First over-the-air beam hopping test successfully concluded
Holzkirchen, Germany/Rambouillet, France: Current satellite communication systems use static beams, with little or no options of adjusting beam capacity to avarying demand. Beam hopping, based on the DVB-S2X broadcasting standard, allows redirecting capacity between beams, making satellite systems more flexible and efficient. Working with partners, WORK Microwave participated in a sucessfull first time demonstration of a beam hopping over-the-air test.

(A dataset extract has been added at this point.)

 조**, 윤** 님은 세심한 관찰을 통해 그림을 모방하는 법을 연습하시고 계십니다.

Rising demand for worldwide mobile communications on land, in the air and at sea calls for satellite coverage tailored to individual needs. As part of the BEHOP – Beam Hopping Emulator for Satellite Systems project, initiated by the European Space Agency (ESA), WORK Microwave is collaborating with Fraunhofer IIS and Eutelsat to research technologies that will deliver more flexibility and higher performance in satellite communication.
Spot beams with higher data capacity instead of broad coverage
At present, most satellites operate spot beams at constant power and with a fixed allocation of capacity over a broad coverage region. Such a model is not up to the job of delivering efficient satellite communication in a situation where capacity requirements at a given time are not the same everywhere, as it wastes power that could be put to good use elsewhere. Beam hopping, however, transmits adjusted beams that enable great flexibility as to how capacity is distributed. Currently, no system in orbit supports beam hopping completely.

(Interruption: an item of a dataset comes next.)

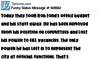 X says Today they took Rob Ford's office budget and his staff away. He has been removed from his position on committees and lost his power to fill vacancies. The only power he has left is to represent the city at official functions. That's actually the one I wou

Beam hopping test via satellite with DVB-S2X
In June 2018, WORK Microwave collaborated with Fraunhofer IIS to test beam hopping for the first time using a conventional Eutelsat satellite. To this end, WORK Microwave’s beam hopping enabled wideband modulator was connected along with the payload emulator developed at Fraunhofer IIS to the uplink transmission chain provided by Eutelsat at Rambouillet. In the downlink a corresponding demodulator from Fraunhofer IIS was used as receiver. The transmission technique is based on the DVB-S2X standard’s Annex E Super-Framing structure. The main beam hopping synchronisation algorithms, to synchronize the uplink modulator with the satellite, were developed by WORK Microwave and implemented within the Wideband Modulator of WORK Microwave.

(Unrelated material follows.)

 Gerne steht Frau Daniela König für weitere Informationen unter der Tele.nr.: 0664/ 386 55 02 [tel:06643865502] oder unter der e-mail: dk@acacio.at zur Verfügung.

By way of this demonstration, the project partners proved that the beam hopping concept and technology are ready to be implemented for Eutelsat’s Quantum-class satellites, scheduled for launch in 2019. The demonstration validated that data arrives at the satellite in sync with the beam-hopping pattern and that the system is able to automatically adjust and update resource allocations whenever capacity requirements may change. This successful test paves the way for the next generation of satellite systems and demonstrates that the wideband modulator of WORK Micowave can play a prominent role in the uplink gateway design for such satellite systems.